Novel nonlinear circuit to harvest clean power using graphene (w/video)

(Nanowerk News) Obtaining useful work from random fluctuations in a system at thermal equilibrium has long been considered impossible. In fact, in the 1960s eminent American physicist Richard Feynman effectively shut down further inquiry after he argued in a series of lectures that Brownian motion, or the thermal motion of atoms, cannot perform useful work.
Now, a new study published in Physical Review E ("Charging capacitors from thermal fluctuations using diodes") has proven that Feynman missed something important.
Three of the paper’s five authors are from the University of Arkansas Department of Physics. According to first author Paul Thibado, their study rigorously proves that thermal fluctuations of freestanding graphene, when connected to a circuit with diodes having nonlinear resistance and storage capacitors, does produce useful work by charging the storage capacitors.
The authors found that when the storage capacitors have an initial charge of zero, the circuit draws power from the thermal environment to charge them.

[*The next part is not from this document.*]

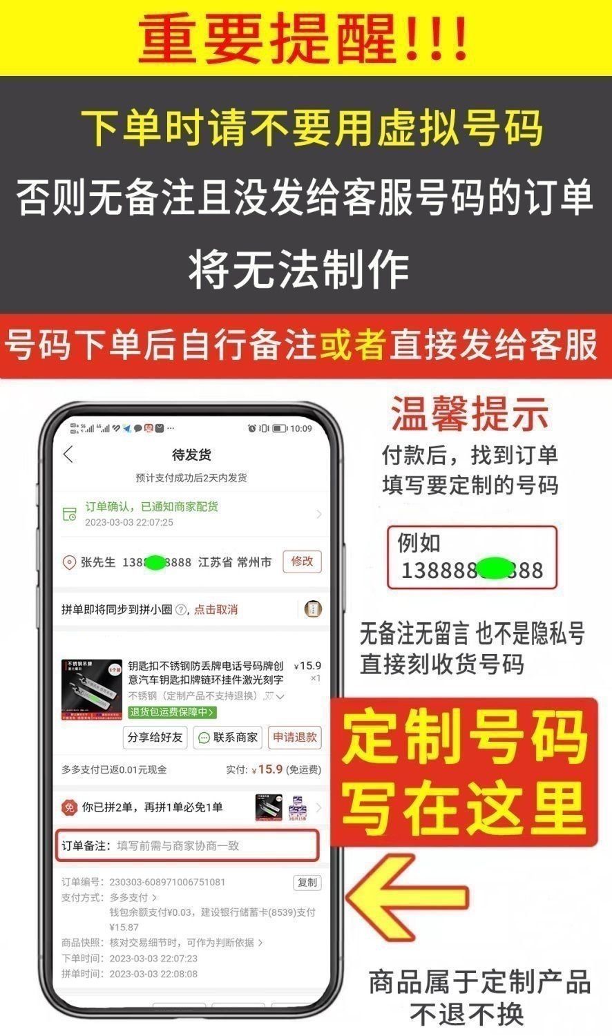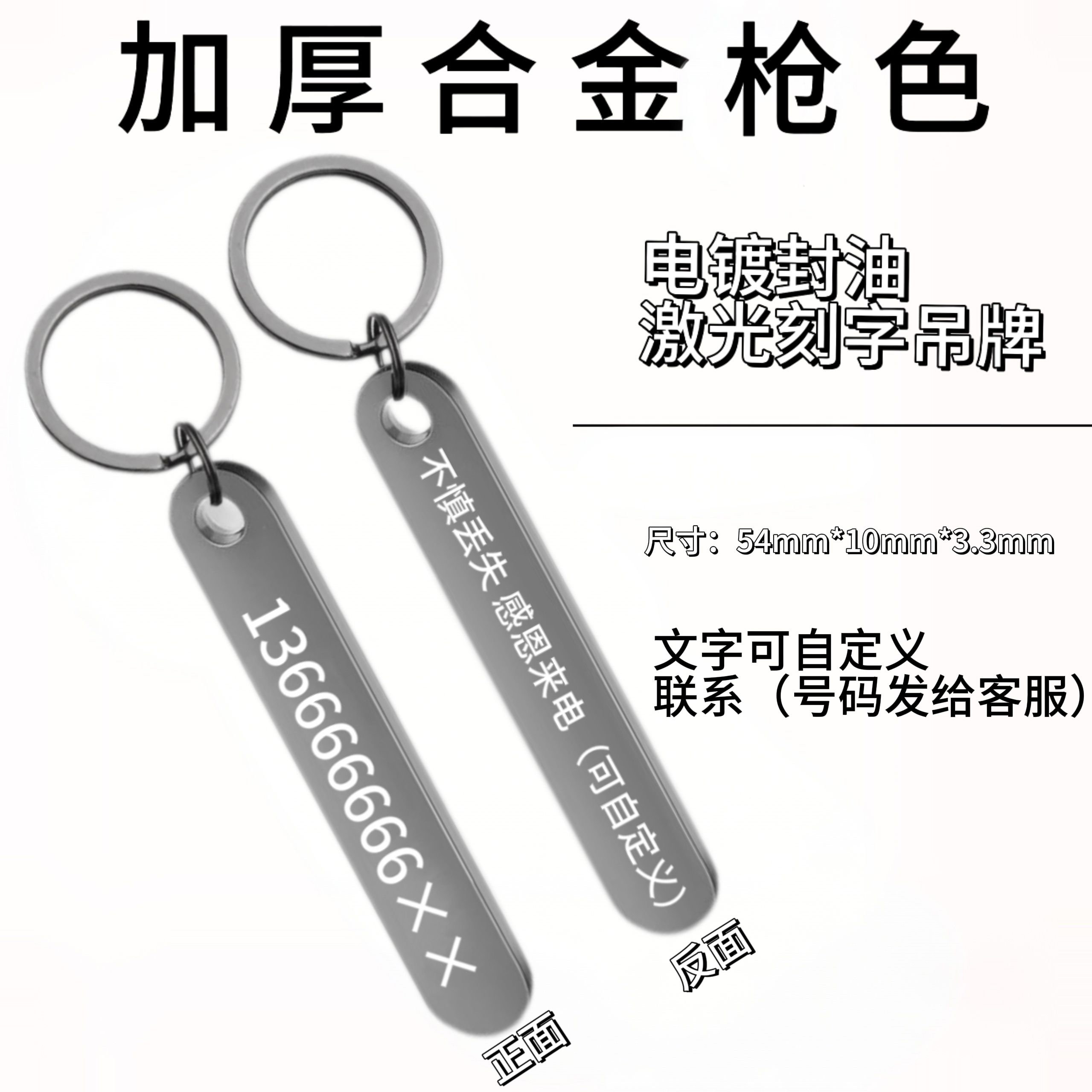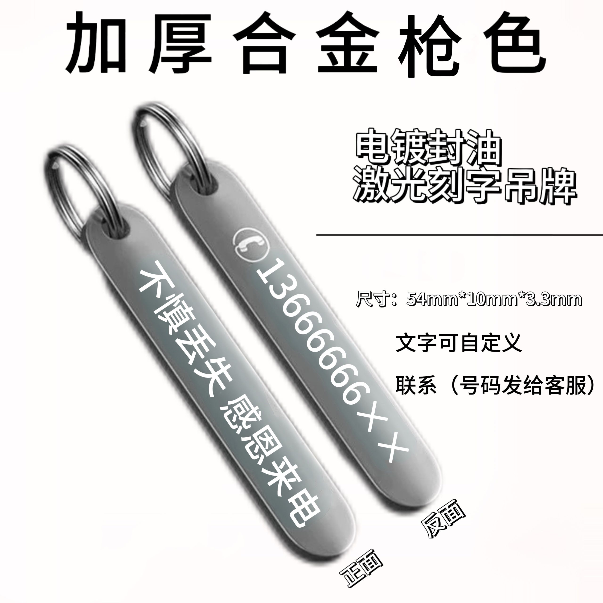 定制号码牌钥匙扣锌合金激光高级感挂件创意电话防丢号码牌刻字

The team then showed that the system satisfies both the first and second laws of thermodynamics throughout the charging process. They also found that larger storage capacitors yield more stored charge and that a smaller graphene capacitance provides both a higher initial rate of charging and a longer time to discharge. These characteristics are important because they allow time to disconnect the storage capacitors from the energy harvesting circuit before the net charge is lost.
This latest publication builds on two of the group’s previous studies. The first was published in a 2016 Physical Review Letters article ("Anomalous Dynamical Behavior of Freestanding Graphene Membranes"). In that study, Thibado and his co-authors identified the unique vibrational properties of graphene and its potential for energy harvesting.
The second was published in a 2020 Physical Review E article ("Fluctuation-induced current from freestanding graphene"), in which they discuss a circuit using graphene that can supply clean, limitless power for small devices or sensors.
This latest study progresses even further by establishing mathematically the design of a circuit capable of gathering energy from the heat of the earth and storing it in capacitors for later use.
“Theoretically, this was what we set out to prove,” Thibado explained. “There are well-known sources of energy, such as kinetic, solar, ambient radiation, acoustic, and thermal gradients. Now there is also nonlinear thermal power. Usually, people imagine that thermal power requires a temperature gradient. That is, of course, an important source of practical power, but what we found is a new source of power that has never existed before. And this new power does not require two different temperatures because it exists at a single temperature.”